The answer was easy enough to state. The Hindus, Hasting answered, “had been in possession of laws which continued unchanged, from the remotest antiquity.” These laws, he wrote, were in the hands of Brahmans, or “professors of law”, found all over India. (p.26)  In the same essay on page 25 we find another glaring example, of Howell who castigated a travel writer as superficial: “He’s telling us such and such a people, in the East or West-Indies, worship this stick, or that stone, or monstrous idol, only serves to reduce in our esteem, our fellow creatures, to the most abject and despicable point of light.”  

      To summing up our discussion we reach some edifying conclusive points, and with enough confidence say, that, it was Cohn’s vigilant eye that attracted our mind with the gravity of his scholarship over the subject and brought before us some glaring realities regarding the intentions of British rule in India. Cohn argues that the British Orientlists’ study of Indian languages was important to the colonial project of control and command. 

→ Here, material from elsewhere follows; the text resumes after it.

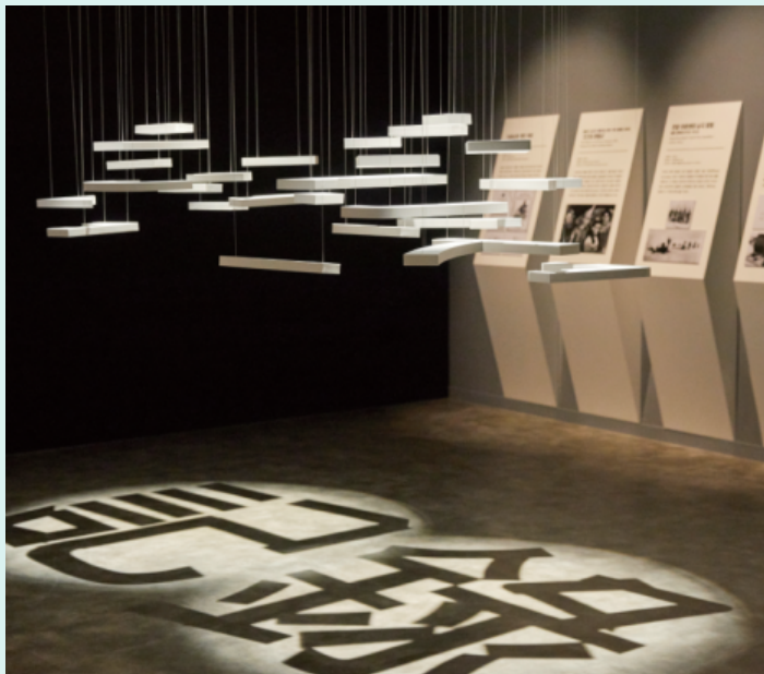
#2 세계기록유산 전시관 (제2전시관)

 As a self-described postcolonial critic, often compared with Edward Said or Gayatri Spivak, Bhabha is perhaps most well-known for his theory of cultural hybridity.  Bhabha describes the lives of racialized subjects living in the west as rife with split, doubled experiences – experiences that have more than one meaning. Such moments of splitting or doubling cause extreme discomfort, and consternation.

Moreover, adapted into colonial discourse theory by Homi K. Bhabha, it describes the complex mix of attraction and repulsion that characterizes the relationship between colonizers and colonized. Ambivalence is therefore an unwelcome aspect of the colonial discourse of the colonizer. Including this, we also see that Bhabha seizes upon many of the theoretical difficulties encountered by Said as indications of processes that occur during the construction and exercise of colonial knowledge and power – perhaps not very reassuring for Said but a brilliant theoretical insight on Bhabha’s part. Colonialism is identified as the discourse which betrays a dissonance or discordant implicit in western knowledge. It is also allowing for an examination of Bhabha’s subsequent essays all represent a refinement of the position first somewhat ambiguously sketched out in ‘Difference, Discrimination and the Discourse of Colonialism’.

Bhabha demonstrates against Edward Said that the authority of colonial power was not straightforwardly possessed by the colonizer. In ‘Difference, Discrimination, and the Discourse of Colonialism’, Bhabha, it will be recalled, had carefully distinguished between colonialism discourse and the practices of revolutionary struggle. This new position adopted in ‘Signs Taken for Wonders’ might therefore be regarded as an important theoretical and political advance. On the basis of his new argument, we see that Bhabha accordingly shifts his concept of mimicry from being something that is simply disquieting for the colonizer to a specific form of intervention.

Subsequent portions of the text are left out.